[rules-dev] Determining if a class is an event or not

Fri Nov 9 09:26:55 EST 2007

Edson, 

> We always tried to avoid mandating the user to change its domain model to use
Drools and "contaminating" it with Drools specific classes/interfaces. This way,
different from other engines, we work with simple POJOs as facts. There are also
other reasons for that, like we want to implement support for other fact types,
like ontologies, etc, but the main one I still thing is the one above.
>     So, we can have an Event interface or an annotation that the user may use
to explicit mark a Java class as an event, but IMO, we should use the Event
interface as an alternative way of doing it, and not as the only way.

The event interface was the first thing that came to my mind since it's pretty
straight-forward. However, I see your point. So if there is a way to maintain
the POJO philosophy without making too many awkward allowances, I'm up for it :).

>     A simpler solution we could go for is to mandate that the user declares
all its event classes/interfaces with a declare like statement in the DRL
instead of using the "import event" syntax. Something like that:
> declare event a.b.c.Foo;    So the engine can load the class/interface
a.b.c.Foo and check each asserted fact to see if it is an a.b.c.Foo instance.
That would be easier from an engine perspective, but would be verbose from a
users perspective, since we would not be able to allow wildcards in such
declaration. Would that be better?

Actually, that sounds like a good compromise to me. The question is how many
different event class definitions a user would define. As long as there are not
too many, manually declaring them in a way you suggested shouldn't be a big
deal. I don't know what's the most common approach, but IMO it makes sense to
have a generic event (class) definition, and different events just differ in a
different name and attributes they carry with them. To give an example: In the
use case I'm working on, having lots of different kinds of events though, there
will be exactly one primitive event class/interface. A primitive event will have
a name, a parent id (i.e. some device it refers to) and a list or map,
respectively, of parameters (which have changed). I might have to add another
interface for composite events (i.e. events composed of primitive or other
composite events by means of temporal relationships), but that should be it.
However, other people might prefer to have a different event class for every
different event (like an alarm, a status change, a confirmation, etc.); not
being able to use wildcards and having to declare all the event class manually
may becomee awkward; then I can't think of another way to do it than the one you
initially suggested, although it may be costly...
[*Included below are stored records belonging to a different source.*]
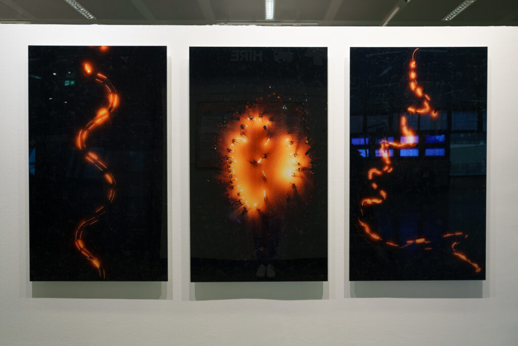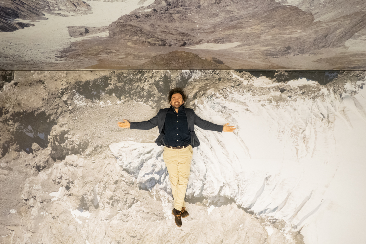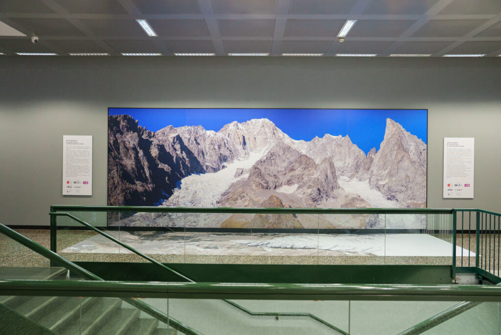 Ogni passo altera l’immagine, la rovina, esattamente come il cambiamento climatico erode quotidianamente i ghiacciai in tutto il mondo. L’ambiente veloce dell’aeroporto si trasforma così in un luogo in cui l’osservazione potrebbe diventare anche una presa di coscienza.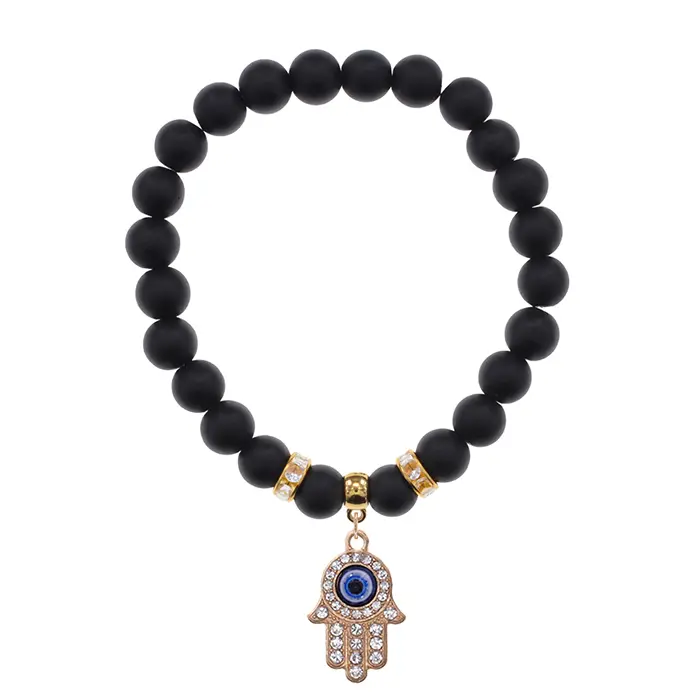 Браслет Хамса (защита от сглаза и зла) синт.камень Шунгит 8мм BS-CR-0354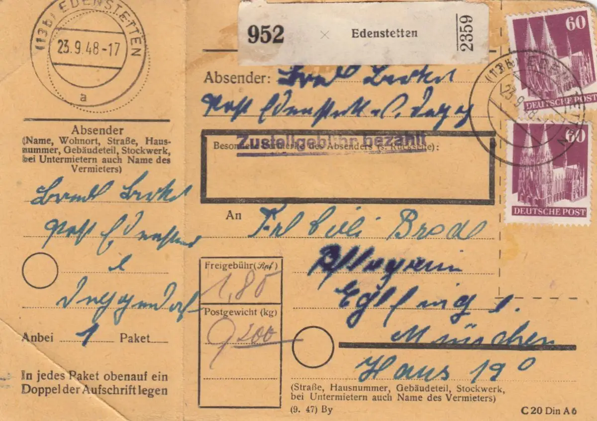BiZone Paketkarte 1948: Edenstetten nach Eglfing, Pflegerin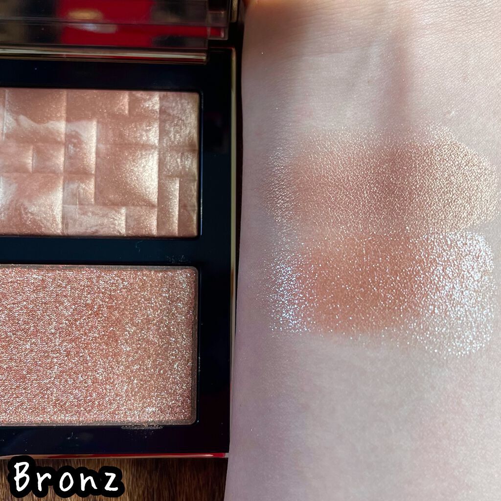 - 2021年10月中発売予定 【限定2種】 ホリディシーズンに華やかなツヤと⾎⾊美を与える、イルミネイターパレットが登場。 肌⾃ら発光するような⾃然で⽴体的なツヤを与える『ハイライティング パウダー』と、微粒⼦パールピグメントを配合し、輝きと⾎⾊をふんわり纏う、軽い付け⼼地の新フォーミュラ『シマリング パウダー』の2フォーミュラをセットイン。 華やかなツヤを与えるピンクと、ヘルシーグロウが叶うソフトブロンズの2種。 単⾊使いで、ハイライターやチークとして、また重ねて使⽤することで、奥⾏きのある⽴体的なメイクが楽しめます。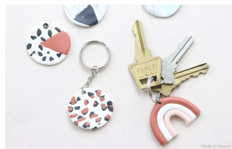 Запеките деталь согласно инструкции на упаковке глины. После того, как подвеска запечется и полностью остынет, с помощью плоскогубцев закрепите на ней соединительное кольцо, а также основу брелока.
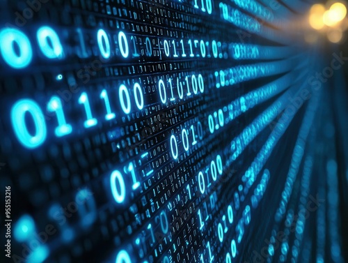 A blue digital binary code streaming on a computer screen, futuristic data flow, glowing digits in a matrix style, tech background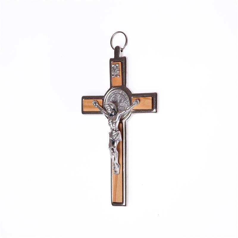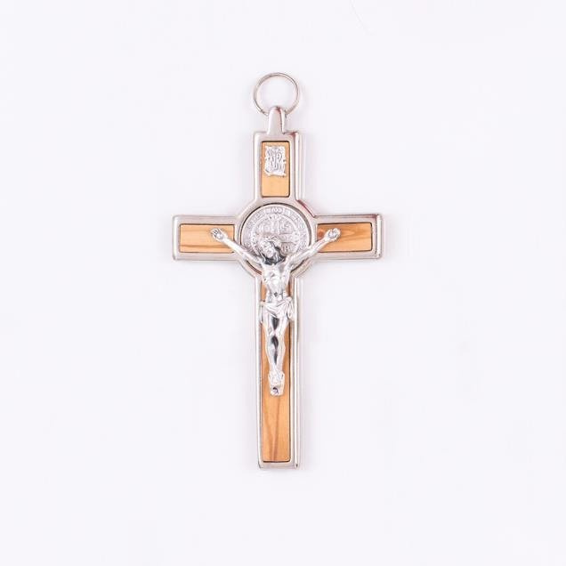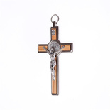 • Krzyżyk w kolorze srebrnym z medalem Św. Benedykta. Wypełnienie krzyża drewniane.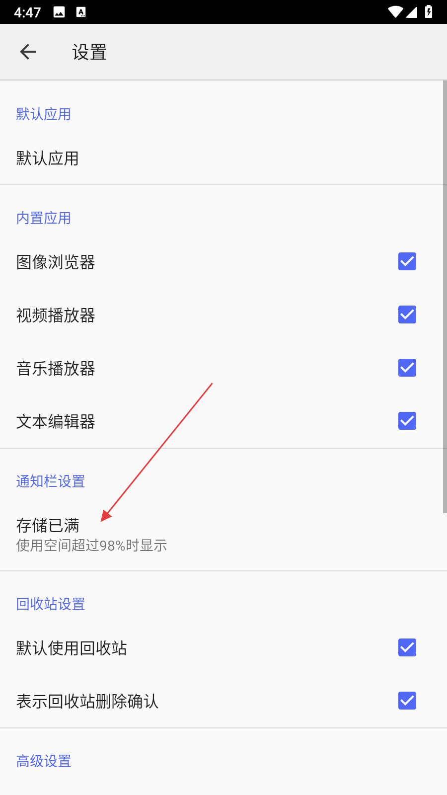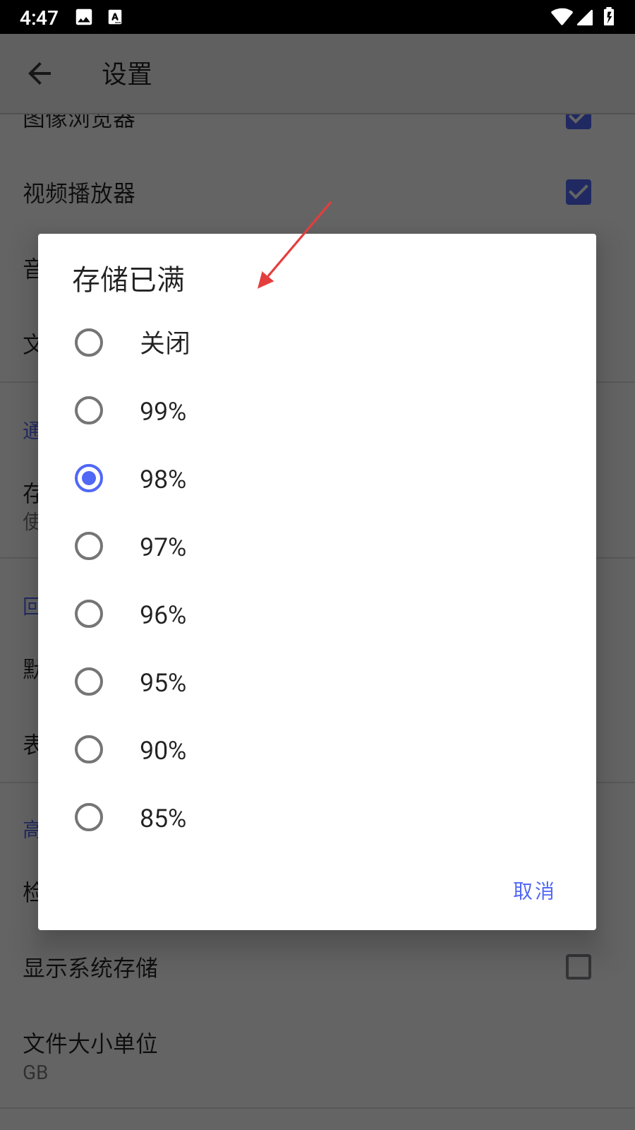 3、在设置页面里,找到存储已满选项,点击该选项,弹出存储已满的触发阈值选择框。

>     The other question you asked is really interesting and I also don't have a
definitive answer, but have some ideas:> In this regard, for me another question
raises: Without making any restrictions on the structure for a user defined
event class, how do you make sure it has all the  required attributes of an
event (which in my opinion must be a timestamp, at least) and how do you access
them (necessary for temporal relationships)? 
>     In the paper "Discarding unused temporal information in a Production
System", by Dan Teodosiu and Günter Pollak, they state that "Events carry an
additional *implicit* attribute that represents the timestamp. The value of this
attribute is automatically set upon creation of an event to the current value of
the system-clock."
>     I agree with them, except for the "system-clock" part. Replace
"system-clock" by "engine-clock" and I think we get the best compromise.    We
know that most real-world events are generated with an explicit timestamp
attribute, but since we may be handling events coming from different sources
without any guarantee that the sources have synchronized clocks, we can not rely
on the eventual explicit timestamp attribute for reasoning in the engine. Not
relying on that also give us the ability to handle events that do not contain
the explicit timestamp attribute.

I completely agree. Relying only on the explicit timestamp attribute could raise
problems; not only due to unsynchronized clocks, but also network delay might be
reason for events arriving in an order distinct to their original time and order
of occurrence. 

>     What I am thinking is:1. In current Drools implementation, each fact
asserted into the rules engine is wrapped in a FactHandle implementation. This
FactHandle implementation contains metadata attributes that are used by the
engine during fact manipulation and reasoning. What I'm suggesting is we derive
a new EventFactHandle implementation that would contain all event's implicit
attributes and metada we need, including the timestamp. This would allow us to
also support different semantic-models for the timestamp, and that is why I
asked you about the point-interval semantics. The easiest one would be the
point-in-time semantic, obviously.

As you may have noticed, I shirked from answering the question which timesramp
represntation to use.  I didn't find a paper making the decision for me; most of
the times it's just a comparison between these two approaches without clear
arguments for or against it. IMO, interval-based representation seems to be more
general, i.e. more expressive; at the same time, its operators are more complex
and harder to use. The maybe most comprehensive analysis can be found in the
paper "Point- Versus Interval-based Temporal Data Models" from Bohlen, Busatto
and Jensen; another short summary is given in chapter 3, paragraph "Timestamps"
in "Unified Semantics for Event Correlation Over Time and Space in Hybrid
Network Environments" from Yoneki and Bacon. Let me add that the set of temporal
relationships (between two timestamps) in interval-based semantics is much more
extensive than in point-based semantics (13 vs. 2).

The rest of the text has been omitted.